J. Edgar Hoover is a name that needs no introduction, since he served as director of the Federal Bureau of Investigation (FBI, for its acronym in English) for 48 years for a total of 8 presidents of the United States.
your life turns out fascinating y dark because perhaps, and without wishing to exaggerate, is the individual who carries the most weight in the history of the construction of the culture of order and legality in the US, at least in modern history.
was a man shy, methodical, authoritarian, homosexual and responsible for setting up one of the most complex police investigation structures in the world.
He first served as head of the Bureau of Investigation and later as the first director of the FBI.
J.Edgar Hoover. Source: NPR
Hoover devised step by step and with a forensic method, the techniques and legal skills necessary to face the wave of violence and illegality that plagued the United States in the 1920s and 1930s.
That was a time when the tools that the authorities had to do justice were infinitely more precarious than the current ones, so J. Edgar Hoover set out to change that at any cost.
It provided the state with investigative methods and powers that allowed it to confront and prosecute criminals.

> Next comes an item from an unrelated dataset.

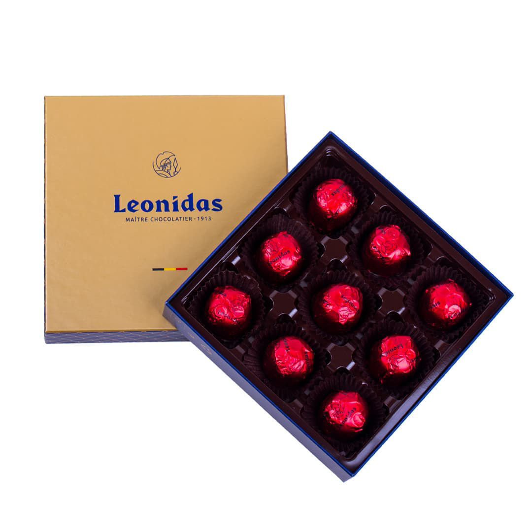 Χάρτινο χρυσό τετράγωνο κουτί Heritage S με 160 γρ σοκολατάκια cerise Leonidas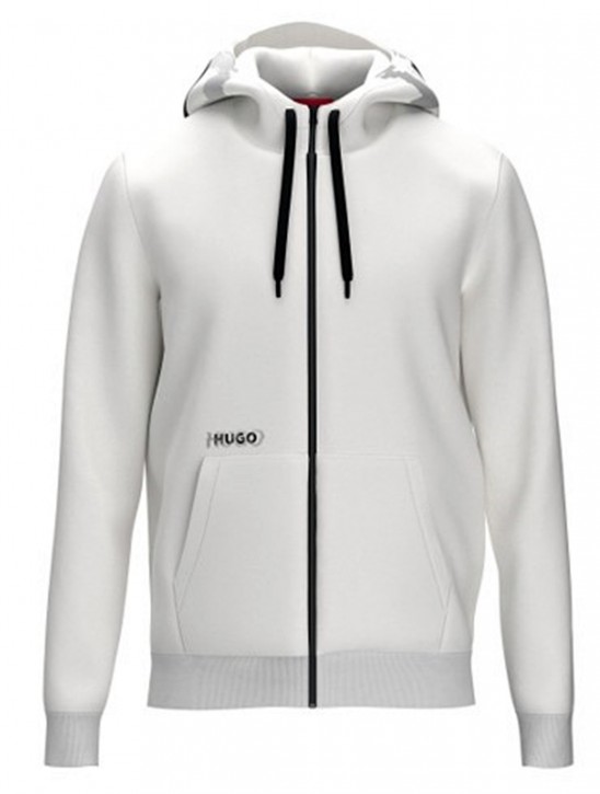 HUGO Sweatjacke mit Reißverschluss. Der gerade geschnittene Herren-Hoodie aus reiner Baumwolle mit komfortabler French-Terry-Struktur ist mit einem markanten HUGO Logo an der Kapuze versehen. Über der Kängurutasche zeigt sich ein weiteres Branding.

With obsession and determination, he launched the first central registry of fingerprints and professionalized field and laboratory work in police investigation tasks.
But like any important key in history, this one had another face, that of an insecure, authoritarian man dependent on the advice and approval of his mother until the day she died (he was 43 years old).

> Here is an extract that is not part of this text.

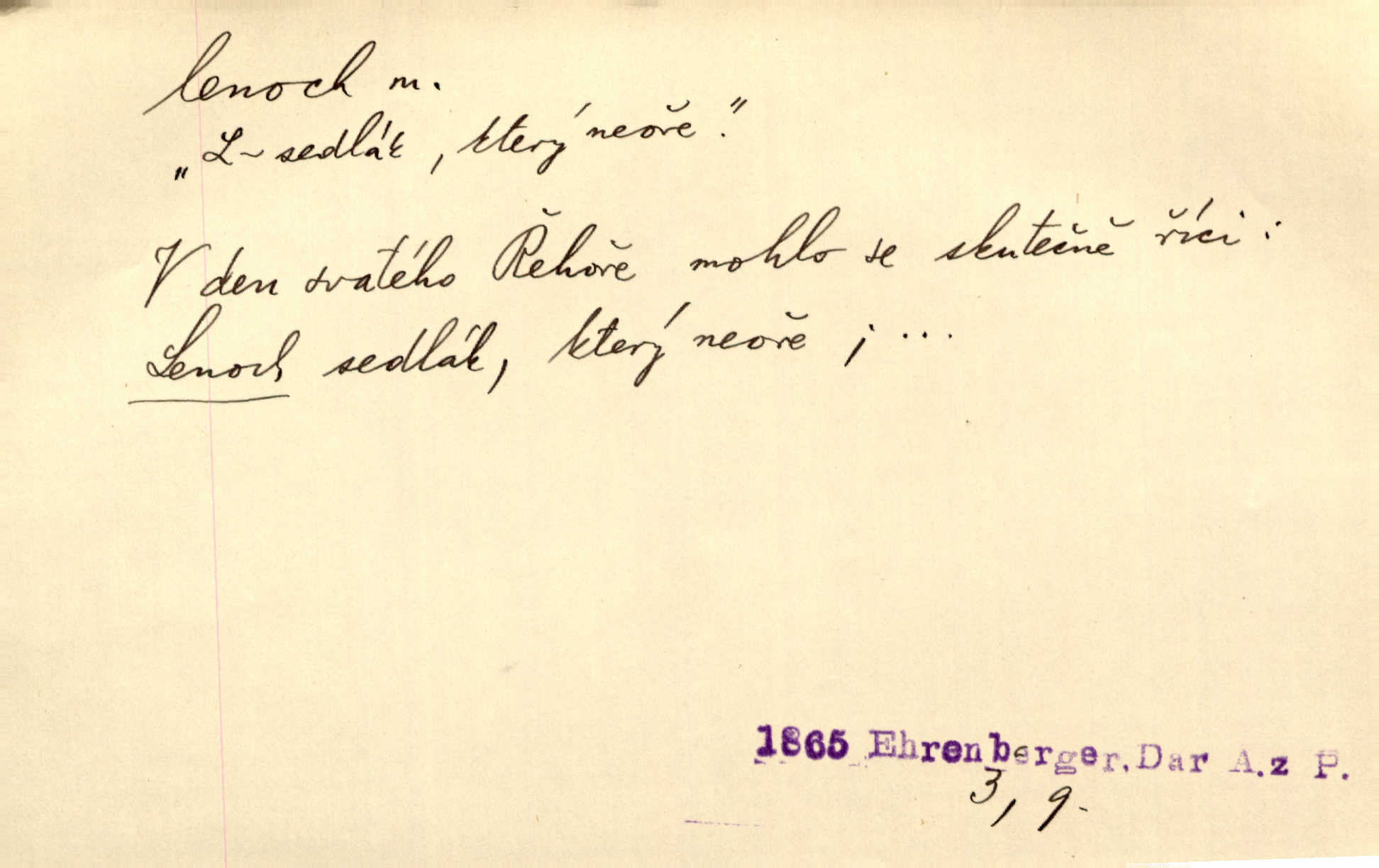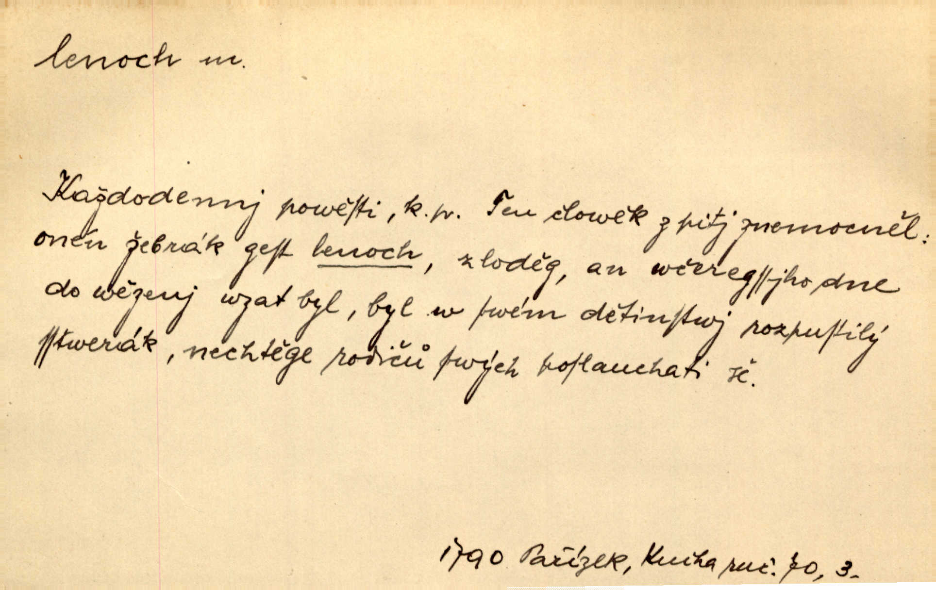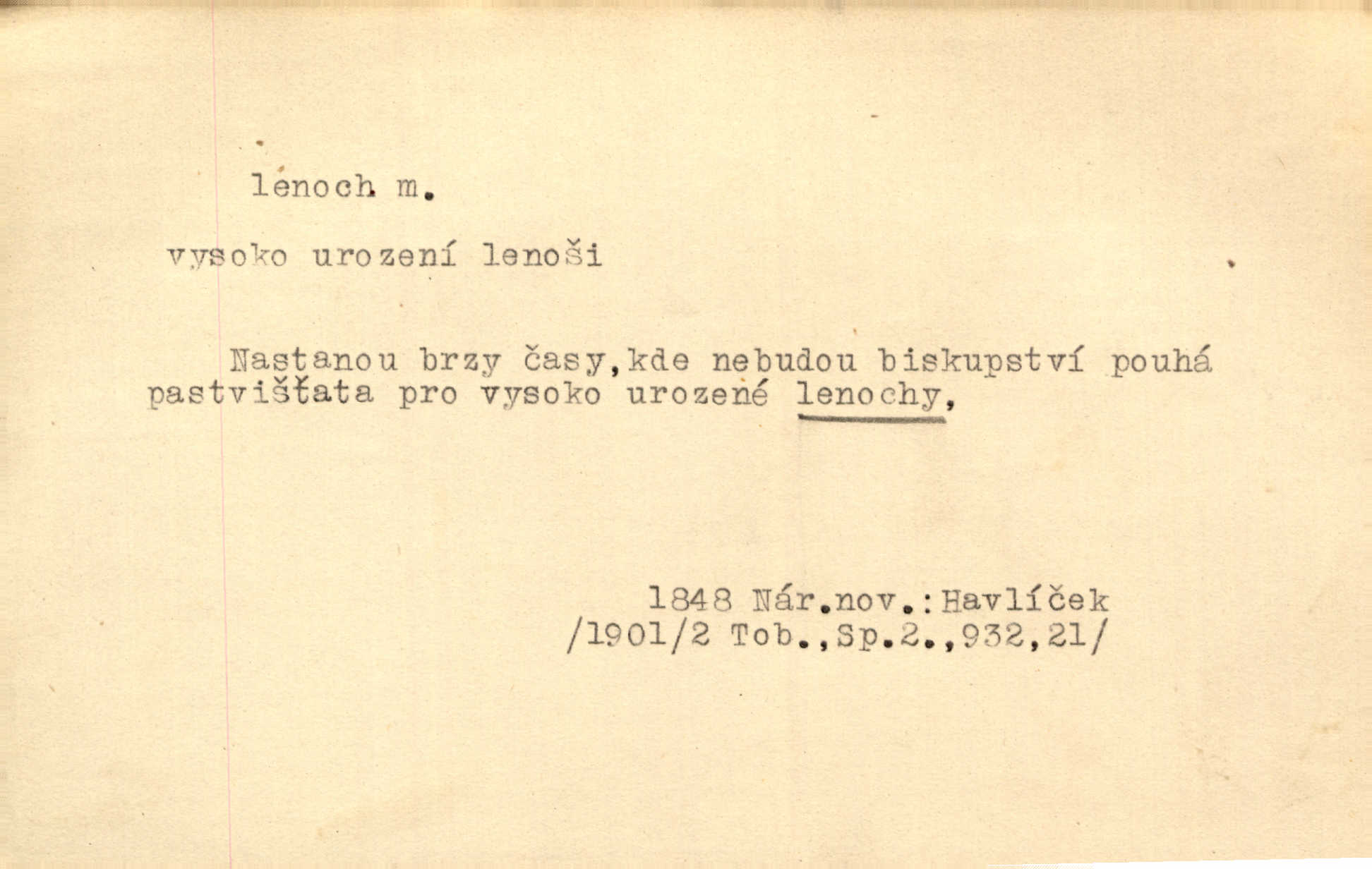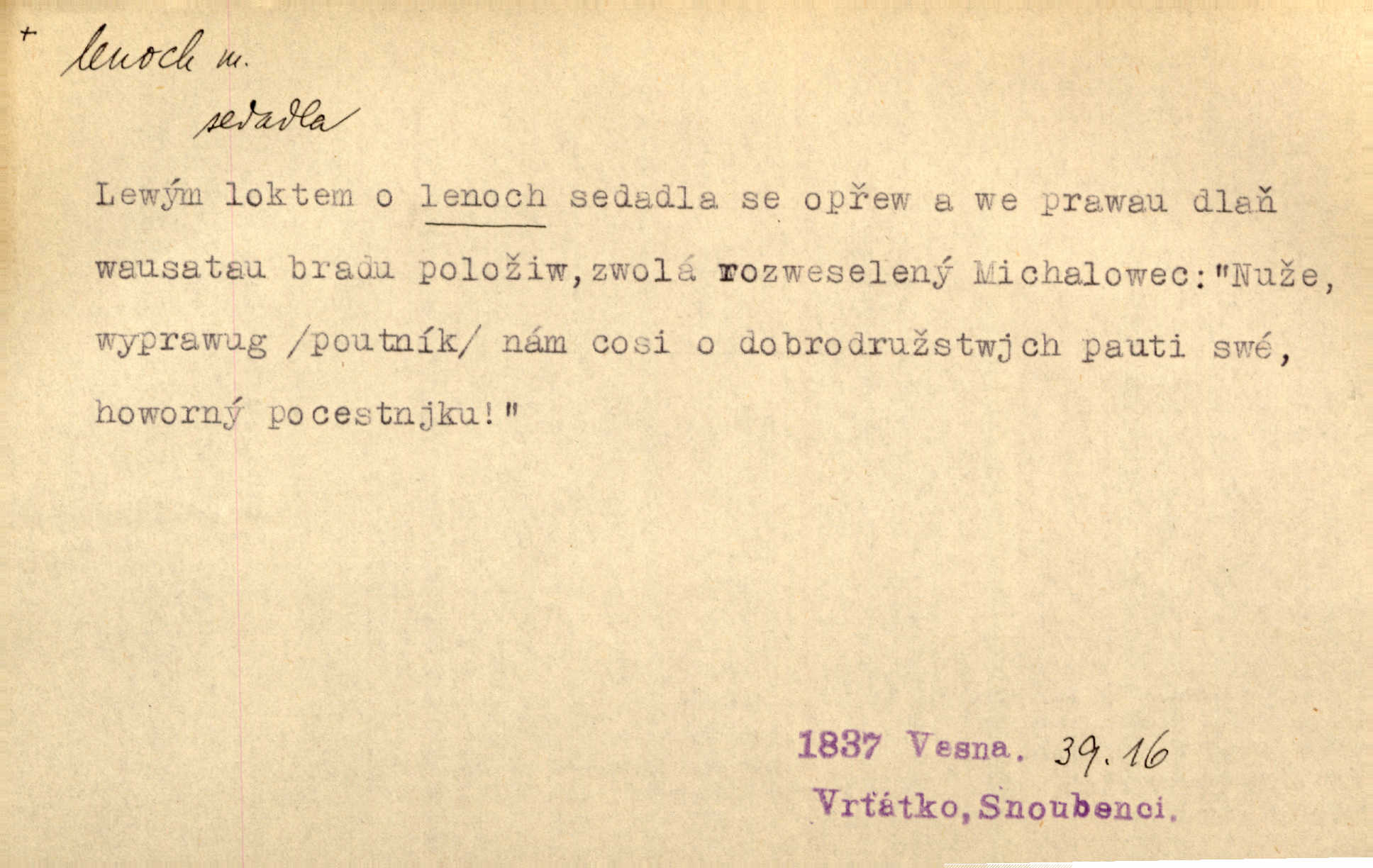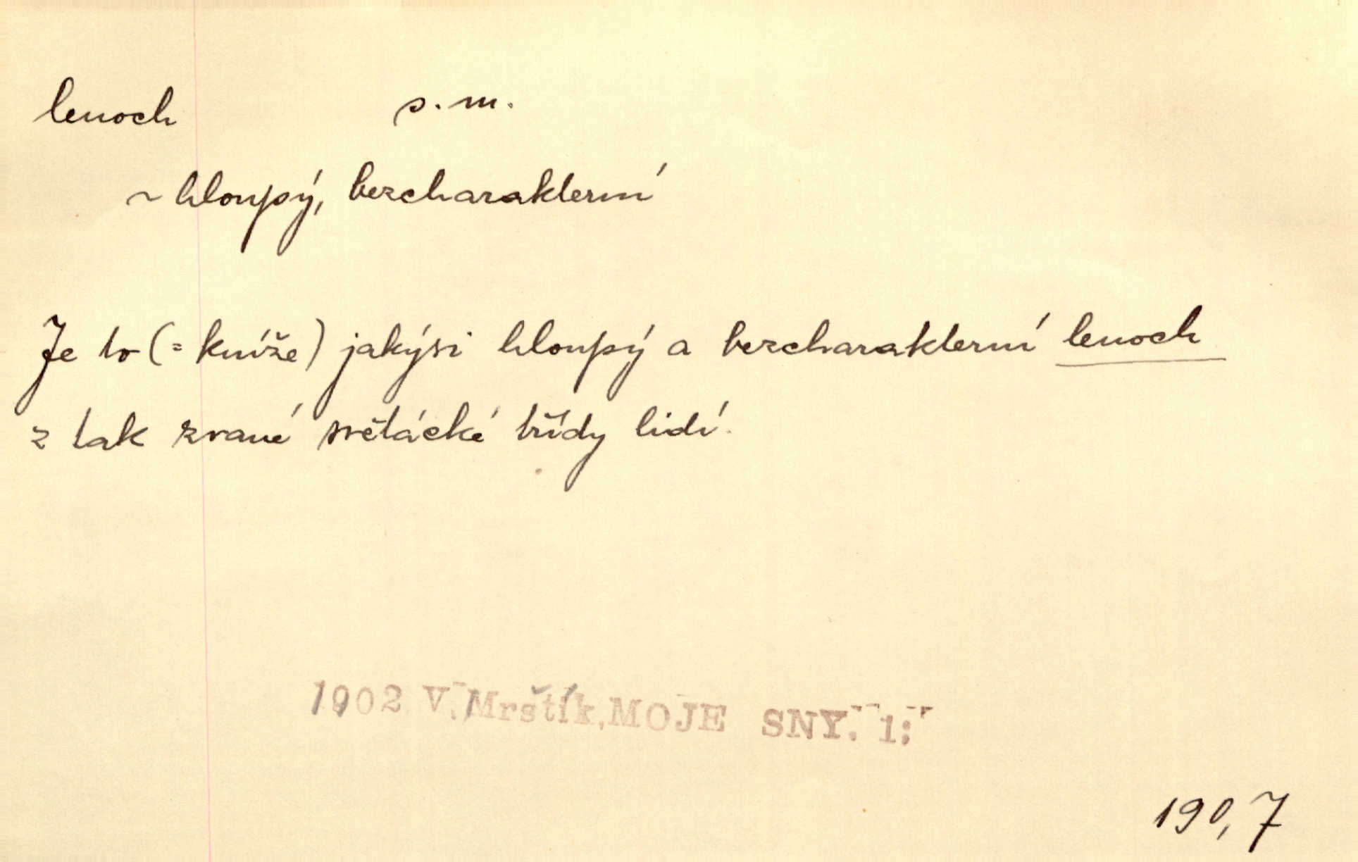 - lenoch, -u m. opěradlo sedadla. Farář bubnoval prsty do lenochu židle. Vach. D linkovaná papírová podložka. Průsvitnou koží byla mu znát žebra jako lenoch papírem. Čap. Ch.

Along with formal institutions, Hoover set up a secret information network that he used to spy on political enemies and rise to the top of the FBI for nearly four decades., which sounds simple but it was a real feat because nobody retains power for that long.

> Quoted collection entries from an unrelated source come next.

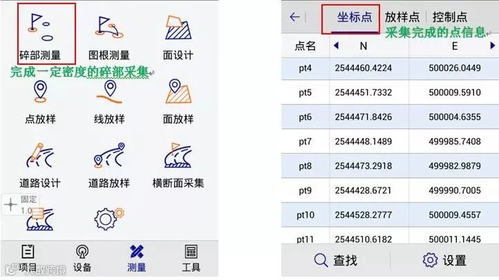 到达指定拟计算的土方区域后,首先要结合项目现场,勘验作业环境,明确工程测量范围,其次是初步根据地势起伏的情况,土样分布状况等,评估采点作业密度。确认满足作业条件后,就可以开始连接基站,达到固定解后进行作业了。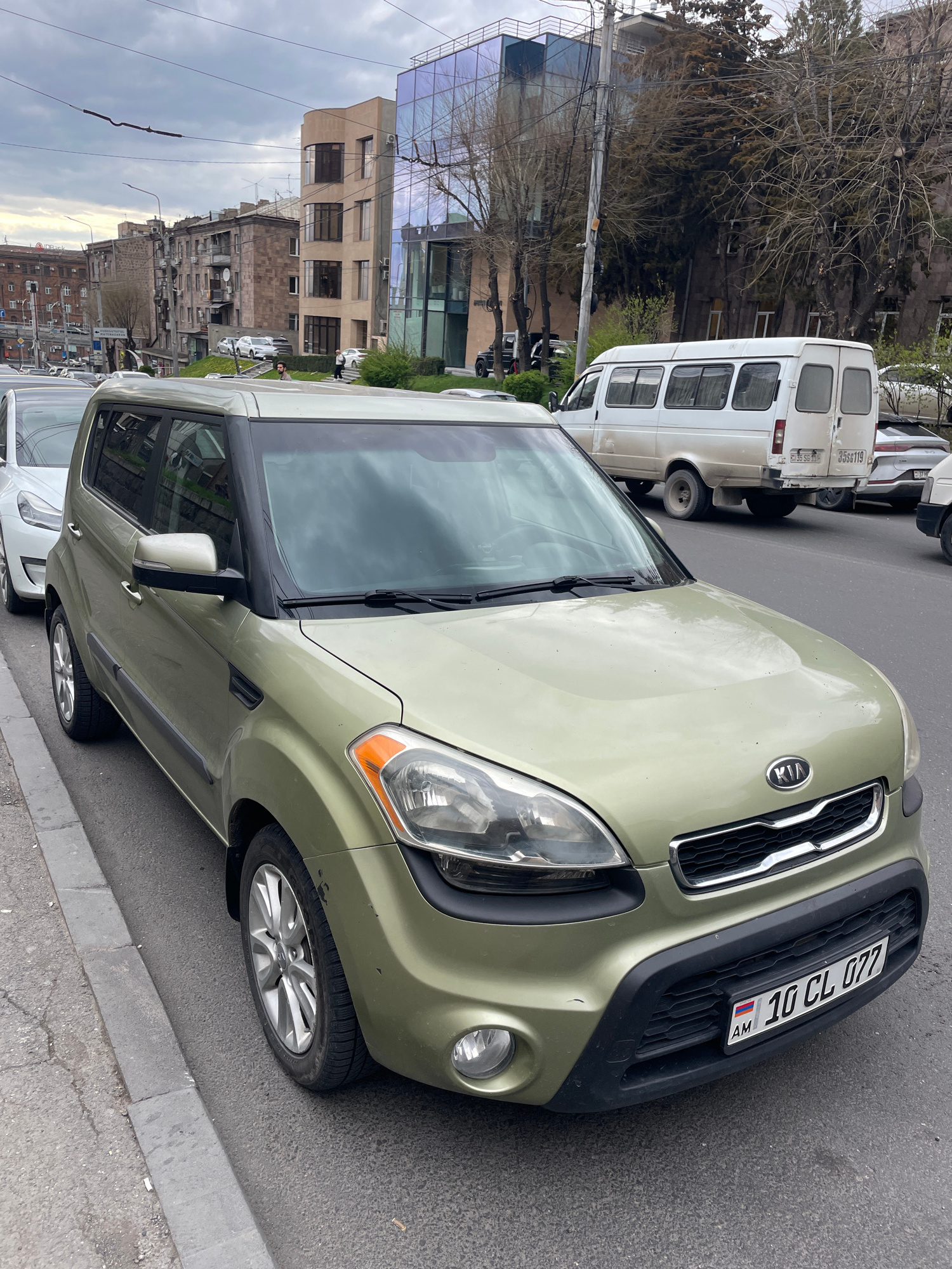 A light-green Kia Soul is parked on a city street in Yerevan, Armenia. Its license plate reads "AM 10 CL 077". A white van is parked behind it. The scene is an urban environment, showing buildings of…read more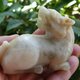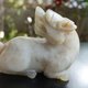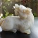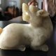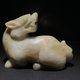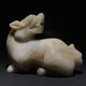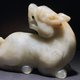 白玉整料为材,圆雕螭龙回首后望,身姿矮伏,四肢蜷曲,形象生动,充满动感,宽口阔鼻,老陀工钻痕及解玉砂痕迹明显,开丝细密。整体造型规整,雕刻线条圆润流畅,背部及身侧沁色自然,似光影斑驳,气息古朴,从雕工上看雕琢精致细腻,线条流畅自然,工艺娴熟,尽显工匠之高超技艺,适宜欣赏把玩及典藏。

He spied on first ladies, one of them was Eleanor Roosevelt; to attorneys general (Bobby Kennedy) and even to Presidents: Richard Nixon, which no one else would have dared to do.
If you are interested in knowing more about this controversial, but really character, we recommend that you watch the following two films, each of which reveals various aspects of his personality:
J. Edgar (2011)
Film directed by Clint Eastwood that tells the story of the founder and first director general of the FBI, when he was only 29 years old.
From the beginning, Hoover was obsessed with hunting down gangsters, criminals, anarchists or sympathizers of communism who could pose a danger to the United States.
This story shows how he possessed numerous secrets and confidential papers from important personalities and presidents of the country, which made him one of the most feared and respected men of his time.
The FBI Story (1959)
The story directed by Mervyn LeRoy presents Jim Hardesty, a young lawyer who works for the FBI, in a department that does not have a great future.
For this reason, his girlfriend Luzy asks him to leave that position and he promises that he will resign as soon as the new director, John Edgar Hoover, takes office. But when he asks Jim to collaborate with him, he has no reason to leave his job.